Dabney Coleman, Actor Audiences Loved to Hate, Is Dead at 92


He remained a busy if relatively anonymous character actor for a decade after that, appearing on a wide range of both comedies and dramas on TV and in small parts in big movies like “The Towering Inferno” (1974). Then, in 1976, he landed the role that would set the tone for much of his career: Merle Jeeter, the underhanded stage father of a child evangelist (and later the mayor of the fictional town of Fernwood), on Norman Lear’s satirical soap opera “Mary Hartman, Mary Hartman.”

Mr. Coleman later said of the series, “It had a very strange, off-the-wall type of humor, the key to which was playing it straight.” It was, he added, “where I got into this type of character.”

It was also, he said, when his jet-black mustache became an indispensable accessory to his retinue of unsavory characters. “Everything changed” when he grew the mustache, he later said. “Without it, I looked like Richard Nixon.”

If he was on his way to being typecast as an unrepentant lout, he made the most of it. “Mary Hartman, Mary Hartman” was critically acclaimed but never a bona fide hit (neither was its follow-up, “Forever Fernwood,” on which Mr.

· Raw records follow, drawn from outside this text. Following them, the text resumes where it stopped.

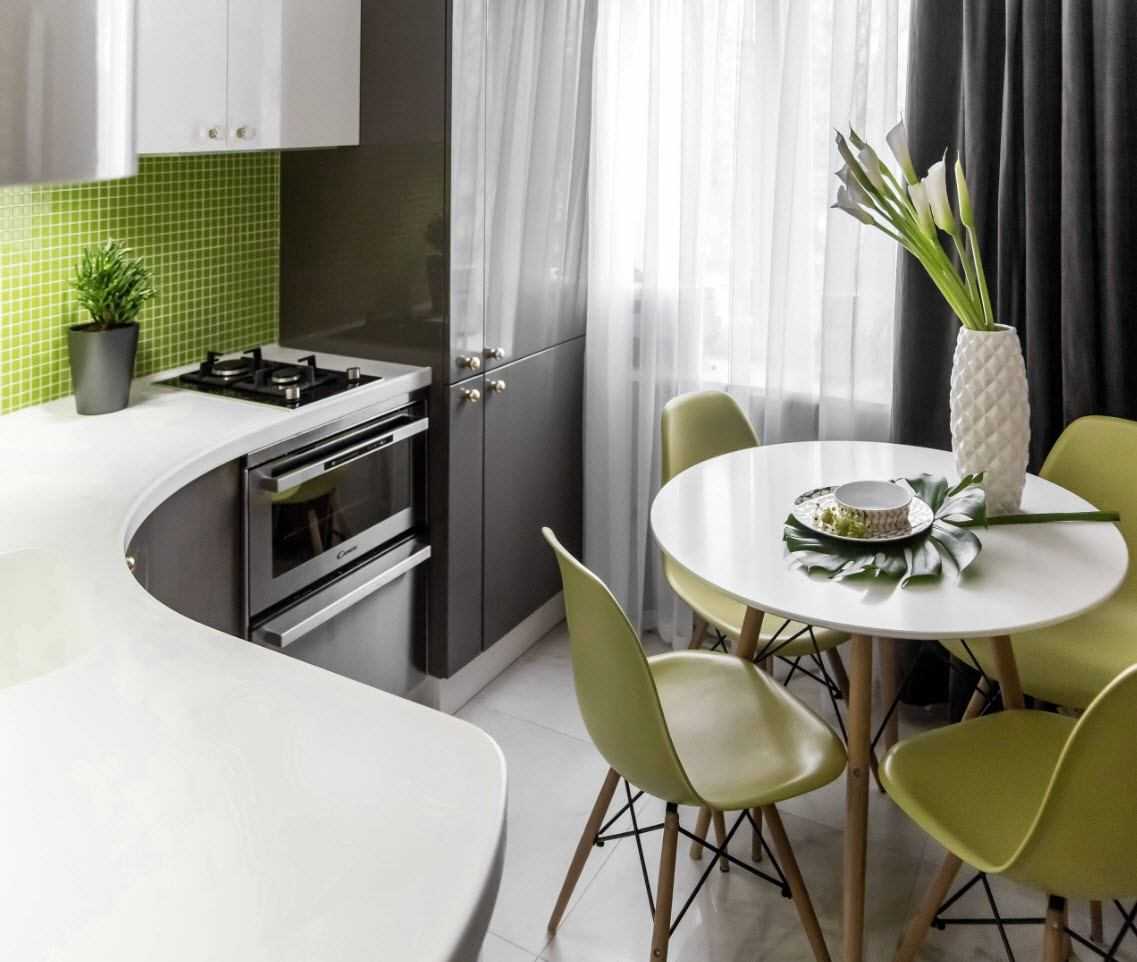 Преимущества и недостатки кухонного гарнитура лаймового цвета
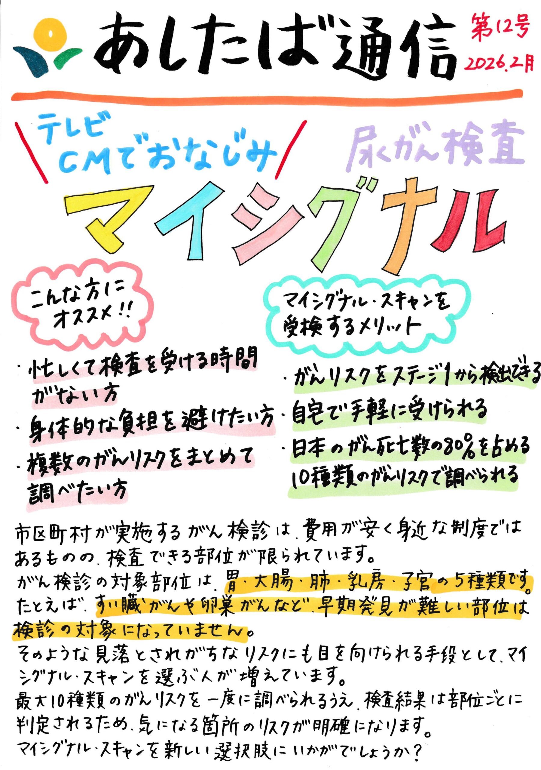 あしたば薬局 川沿店の情報紙「あしたば通信 第12号」です
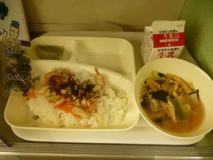 5月21日(水)の給食は、かやくご飯(きざみのり)・牛乳・みそ汁・抹茶ういろうです。
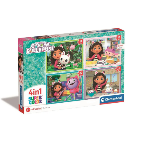 RAKTÁRRÓL AZONNAL! Gabby's Dollhouse, Gabi babaháza 4 az 1-ben puzzle Clementoni Mérete: 19x14 cm 12, 16, 20 és 24 darabos kép Kiváló minőség! 3 éves kortól ajánlott SuperColor nyomtatási technológiával.
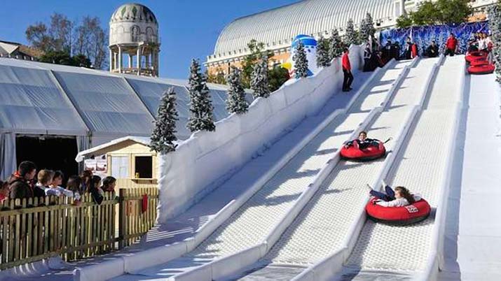 Los grandes atractivos que esperan a las familias son una pista de patinaje sobre hielo de 500 metros cuadrados, una montaña de 45 metros de descenso de trineos neumáticos y un tren infantil.
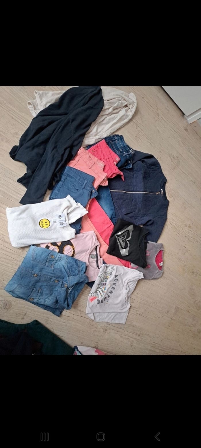 Lot 13 habits fille 10 ans comprenant : 2 pantalons roses TAO (quelques traces sur le rose foncé) 1 Jean stretch bleu la halle 1 pantacourt bleu kiabi 2 gilets kiabi 1 veste TAO matelassée cœurs 1 chemise denim kiabi 1 tee shirt smiley jennyfer 1 tee shirt manches longues zara 1 tee shirt roxy 1 tee shirt H&M 1 haut de pyjama okaidi
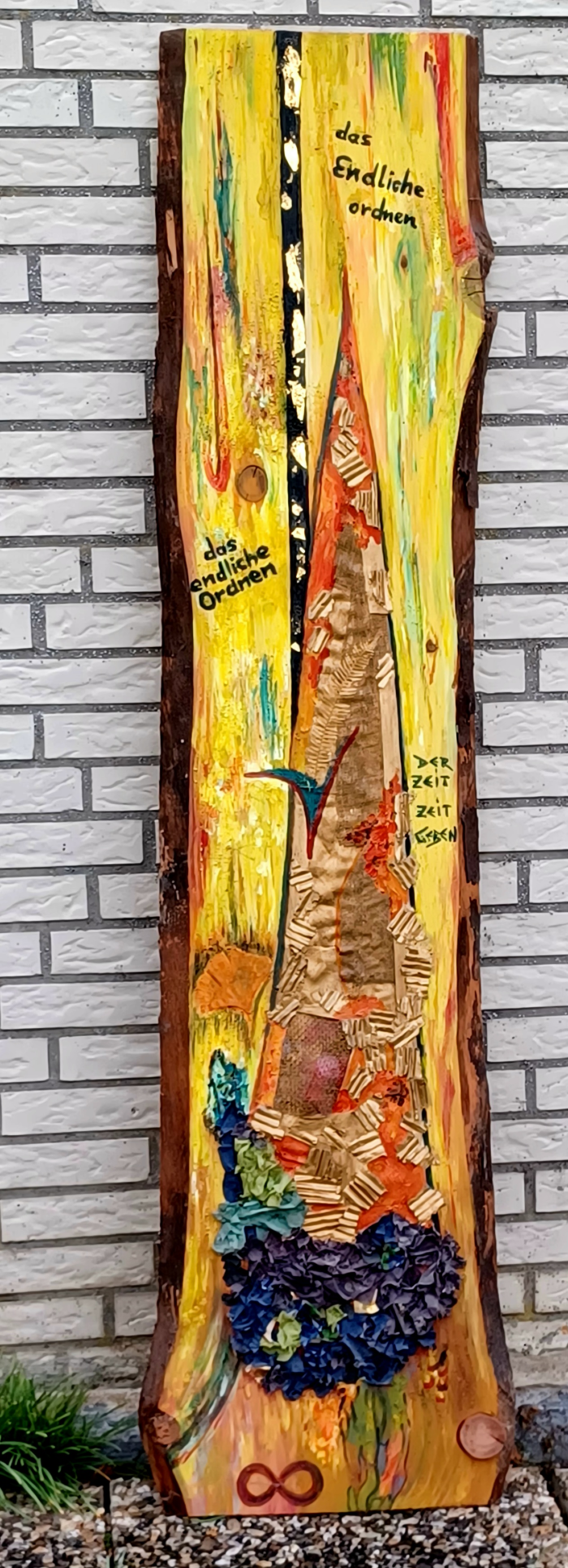 Das Endliche – Darstellung im Stile eines Totenbretts (Fichtenholzbrett, Acryl, Papier, 161 x 42 cm)
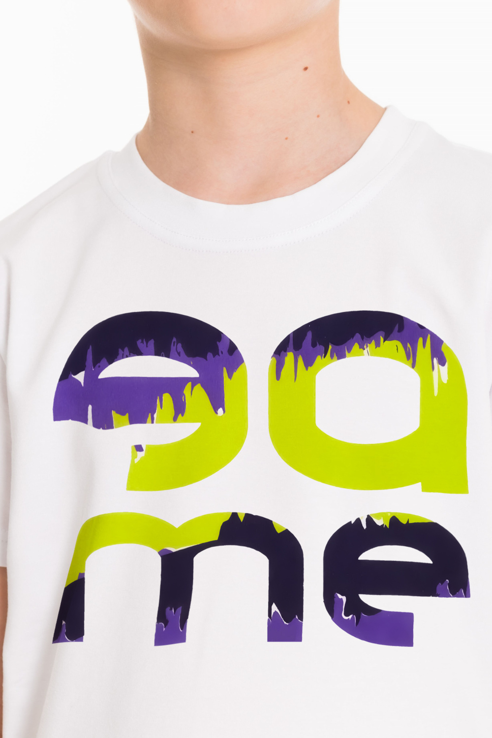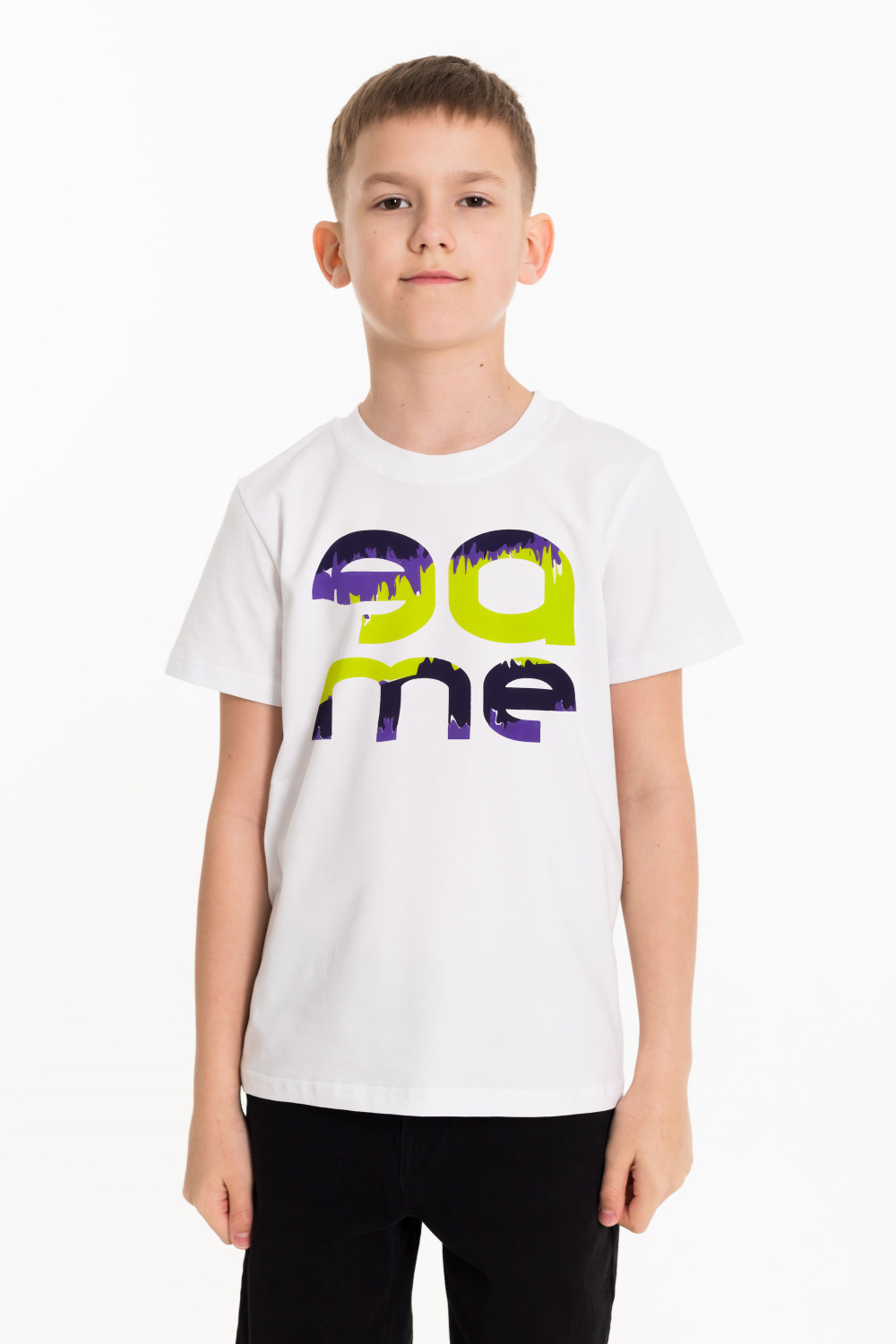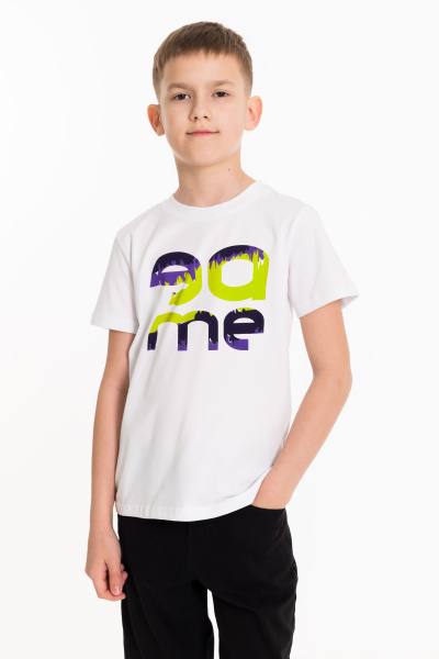 Футболка из кулирки с лайкрой. С коротким рукавом и круглым вырезом горловины. Спереди нанесён принт.
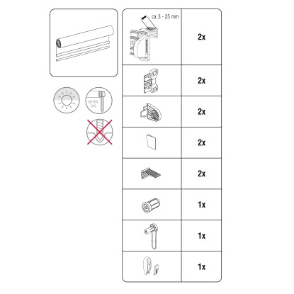 Rolety Gardinia EasyFix Uni mají průměr návinu 18 mm a boční řetízkové ovládání s možností volby ovládání na pravé či levé straně. Rolety se instalují pomocí upínacích držáků přímo na okenní křídlo, lepením nebo případně šroubováním. Montáž pomocí upínacích držáků je možná pouze na okna a s gumovým těsněním. Rozsah nastavení držáku je cca 15-22 mm (součástí balení).
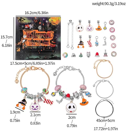 Halloween Charm Bracelet Advent Calendar,20-Day Unique DIY Bracelet Jewelry Countdown Box, Spooky & Fun Halloween Gifts, Hallo/ween Countdown Calenda
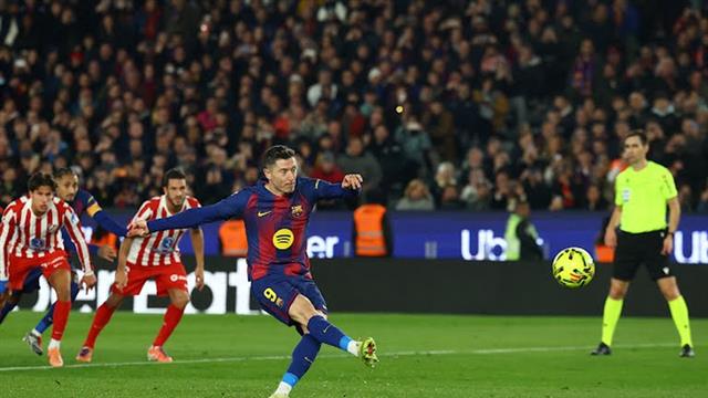 ضربة جزاء ليفاندوفسكي في مباراة برشلونة وأتلتيكو مدريد
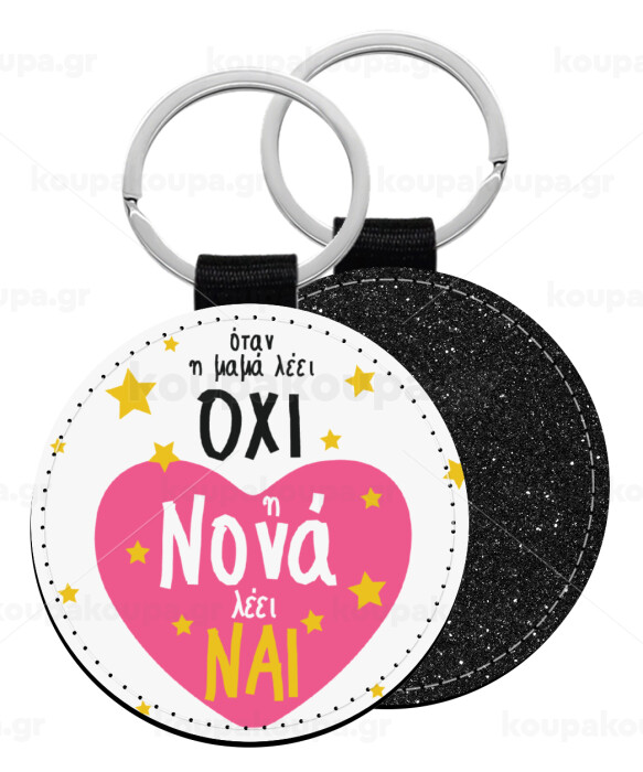 Η νονά λέει ναι!!!, Μπρελόκ Δερματίνη, στρογγυλό ΜΑΥΡΟ (5cm)
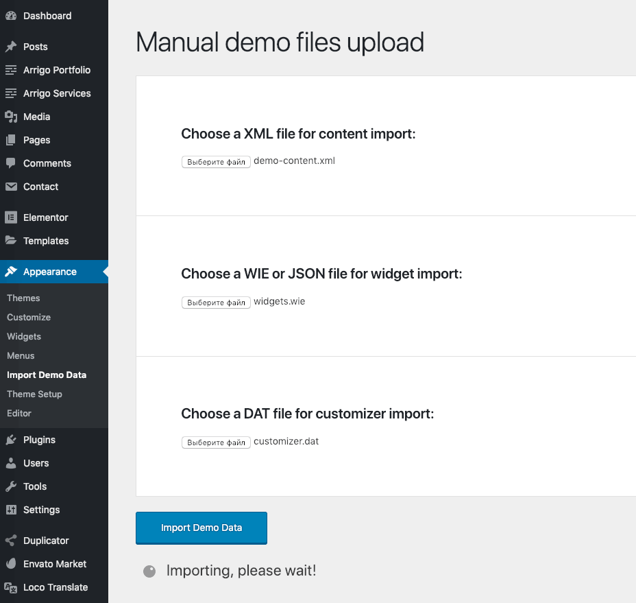 Now wait until the demo import is finished. Don’t close or refresh this page during the active import process!
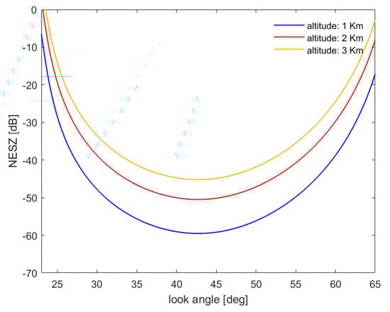 The Noise Equivalent Sigma Zero (NESZ) [29] of the system was computed according to the antenna gain measurements carried out in the laboratory (see previous section) and the radar components’ specifications. The behavior of the NESZ versus the radar look angle is reported in Figure 5 for different flight altitudes.
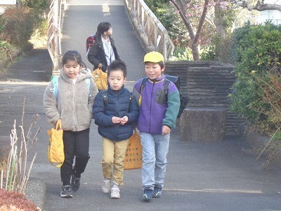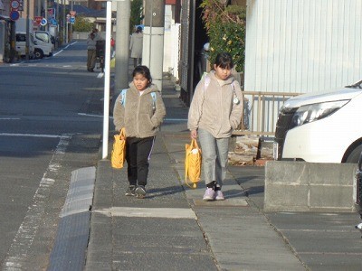登校のようすです。寒い中ですが、みんな元気に登校しています。
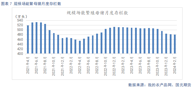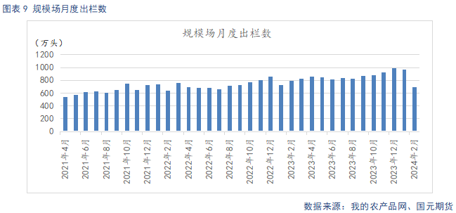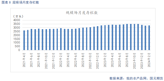 据Mysteel统计,截止2024年2月底,规模场能繁母猪存栏量为481.06万头,环比下滑0.26%,同比下降5.88%。北方疫病影响减弱,加之市场对后期市场预期偏强,规模场调减产能的速度放缓。规模场2月存栏数为3307.67万头,环比上升1.03%,同比下滑0.37%。2月出栏量为696.99万头,环比下滑27.56%,同比下滑12%。2月春节放假,出栏天数减少,加之节后消费惯性回落,2月出栏量环比下滑幅度较大。3月规模场出栏计划大增,考虑到出栏天数增加,日均出栏量环比增幅不大。
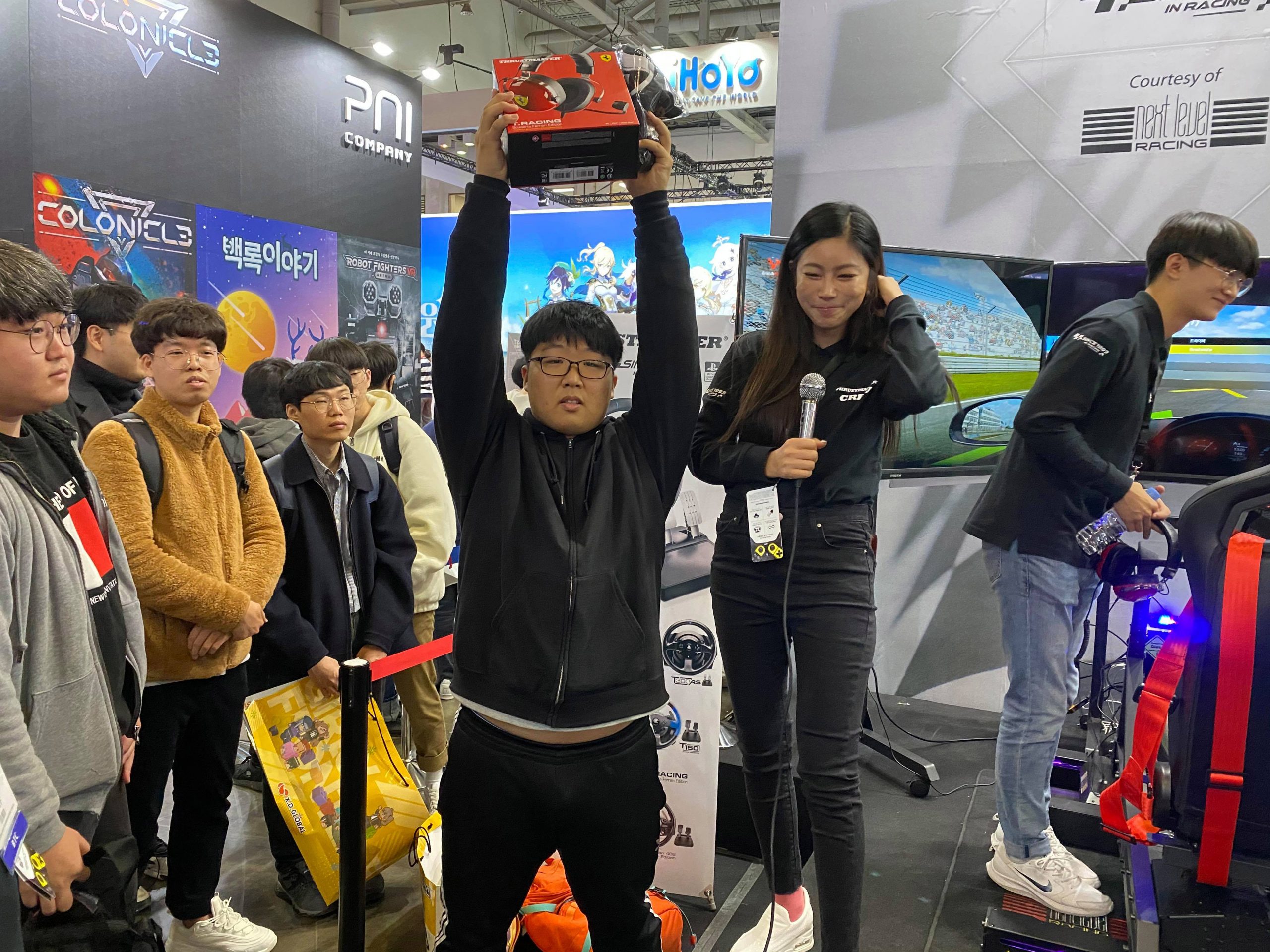 Es ist uns wichtig, dass Menschen aus aller Welt die Produkte von Next Level Racing und unsere Marke kennen und kennenlernen. In der vergangenen Woche konnten neue und erfahrene Sim-Rennsportfans auf der G-Star Global Gaming Exhibition 2019 in Südkorea unsere Traction Plus, Motion Platform V3 und GTtrack mit einem Triple Monitor-Setup testen. Dank unseres globalen Vertriebspartners Thrustmaster ®, der uns an seinem Stand aufgestellt hat, standen Menschenmengen an, um ein komplettes Renncockpit auszuprobieren und zum ersten Mal echte Bewegung zu erleben.
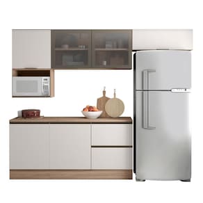 Cozinha Modulada Completa 6 peças 6 portas 3 gavetas com portas vidro fumê Etna é um produto com toda praticidade e elegância para seu ambiente. Possui módulos amplos com prateleiras, nicho para micro-ondas A.39 x L.55 x P.45cm., aéreo duplo com portas molduradas com vidro fumê, aéreo geladeira com pistão a gás, balcões com tampo de espessura 27mm, resistente a riscos, umidade e altas temperaturas, balcão com gaveta embutida com porta talher incluso, dobradiças reforçadas de 35mm com a função slow motion possibilitando um fechamento mais suave, gavetas com corrediças telescópicas que permitem abertura total, puxadores modelo perfil em polímero preto nos balcões e puxadores de metal nos aéreos, pés em PVC 14,5cm reguláveis ao piso que permitem o nivelamento perfeito, também acompanha rodapés com presilhas modelo click que possibilitam a remoção dos mesmos. Conjunto composto por 6 itens: aéreo 1porta, nicho micro-ondas, aéreo 2portas vidro, aéreo geladeira, balcão 1porta com tampo, balcão 1porta 3gavetas com tampo. Produto em MDP com pintura UV acetinada, possibilitando melhores acabamento e resistência. Produto ecologicamente correto com embalagens preparadas para evitar avarias e permitir que o produto chegue em perfeito estado em sua casa. Perfeita combinação com os mais variados ambientes. Qualidade que só a Poliman oferece em seus produtos.
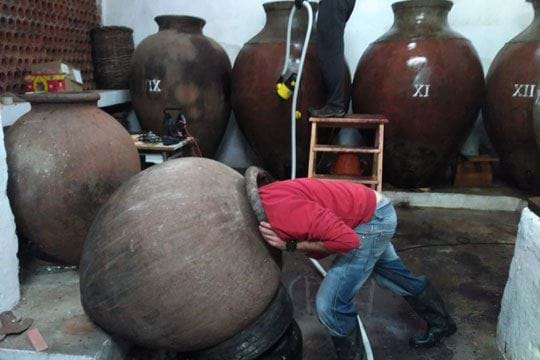 Innan amfororna hos Aconchego da Aldeia används bestryks de med ett skyddande lager av tallkåda, bivax och olivolja som kallas för Pezga.
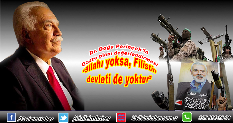 Vatan Partisi Genel Başkanı Doğu Perinçek, ABD Başkanı Trump ile İsrail Başbakanı Netanyahu’nun açıkladıkları Gazze planının esasının, Filistin’in silahsızlandırılması olduğunu vurgulayarak, Hamas’sız Filistin devletinin devlet olmadığını, devletin silahla varolabildiğini belirtti. Perinçek, “Silahı yoksa, Filistin devleti de yoktur” dedi.

Coleman reprised his role). But Colin Higgins’s 1980 ensemble comedy, “9 to 5,” was a box-office smash and Mr. Coleman’s career breakthrough.

His character, the boss of the office workers played by Jane Fonda, Lily Tomlin and Dolly Parton, was — as was said more than once in the movie, including by Mr. Coleman himself in a fantasy sequence — a “sexist, egotistical, lying, hypocritical bigot.” Reviewing “9 to 5” in The Times, Vincent Canby wrote that Mr. Coleman, playing a “lunatic villain,” gave “the funniest performance in the film.”